ARTICLE | doi:10.20944/preprints202309.1729.v1
Subject: Medicine And Pharmacology, Gastroenterology And Hepatology Keywords: quantiative ultrasound; attenuation coefficient; backscatter-distribution coefficient; liver stiffness; non-alcoholic fatty liver disease; metabolic-associated fatty liver disease; hepatic steatosis; ultrasound-estimated fat fraction; proton density fat fraction
Online: 26 September 2023 (05:36:41 CEST)
We aimed to develop a non-linear regression model that could predict the fat fraction of the liver (USFF), similar to magnetic resonance imaging proton density fat fraction (MRI-PDFF), based on quantitative ultrasound (QUS) parameters.

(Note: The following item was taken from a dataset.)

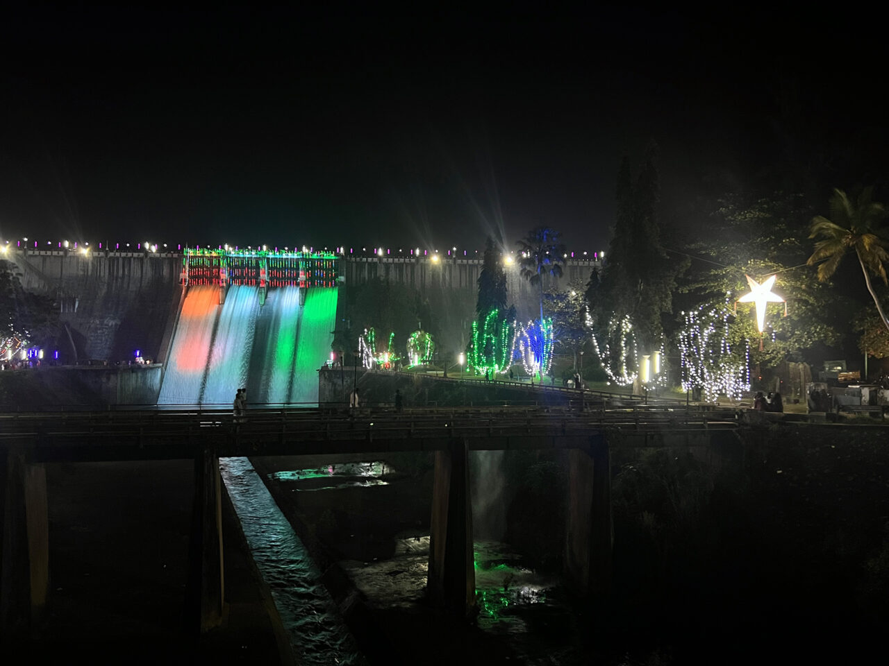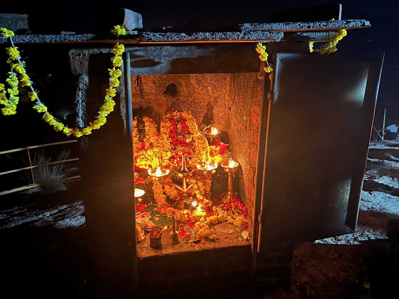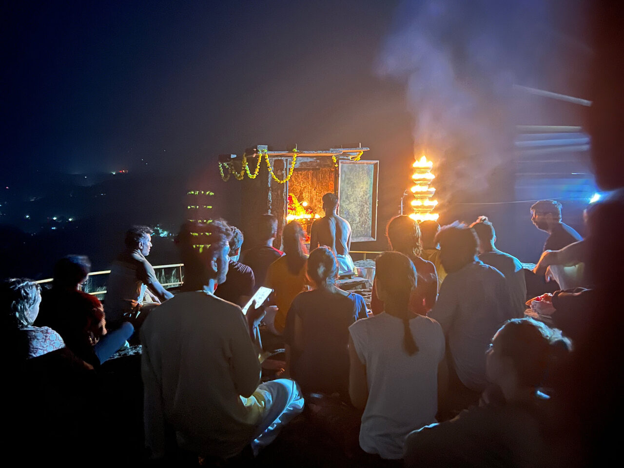 We also had a group evening excursion to a local summit temple for a spiritual event (Lokambika Puja). This turned out to be an evening of extremes. We left the grounds, as a group, around 8pm and immediately bumped into groups of school kids of all ages heading in the same direction. Then at the base of the hill, at the entrance to the town, and at the foot of the dam the action hit. Blaring music, colored lights and throngs of cars, kids, families and craziness. The holiday party had begun.

We measured and retrospectively collected the ultrasound attenuation coefficient (AC), backscatter-distribution coefficient (BSC-D), and liver stiffness (LS) using shear wave elastography (SWE) in 90 patients with clinically suspected non-alcoholic fatty liver disease (NAFLD) and 51 patients with clinically suspected metabolic-associated fatty liver disease (MAFLD). The MRI-PDFF was also measured in all patients within a month of the ultrasound scan. In the linear regression analysis, only AC and BSC-D showed a significant association with MRI-PDFF. Therefore, we developed prediction models using non-linear least-squares analysis to estimate MRI-PDFF based on the AC and BSC-D parameters. We fitted the models on the NAFLD dataset and evaluated their performance in 3-fold cross-validation repeated five times. We decided to use the model based on both parameters to estimate the ultrasound fat fraction (USFF). The correlation between USFF and MRI-PDFF was strong in NAFLD and very strong in MAFLD. According to a receiver operating characteristics (ROC) analysis, USFF could differentiate between <5% vs. ≥ 5% and < 10% vs. ≥ 10% MRI-PDFF steatosis with excellent, 0.97 and 0.91 area under the curve (AUC) accuracy in the NAFLD and with AUCs of 0.99 and 0.96 in the MAFLD groups. In conclusion, USFF calculated from QUS parameters is an accurate method to quantify liver fat fraction and to diagnose ≥ 5% and ≥ 10% steatosis in both NAFLD and MAFLD. Therefore, USFF can be an ideal non-invasive screening tool for patients with NAFLD and MAFLD risk factors.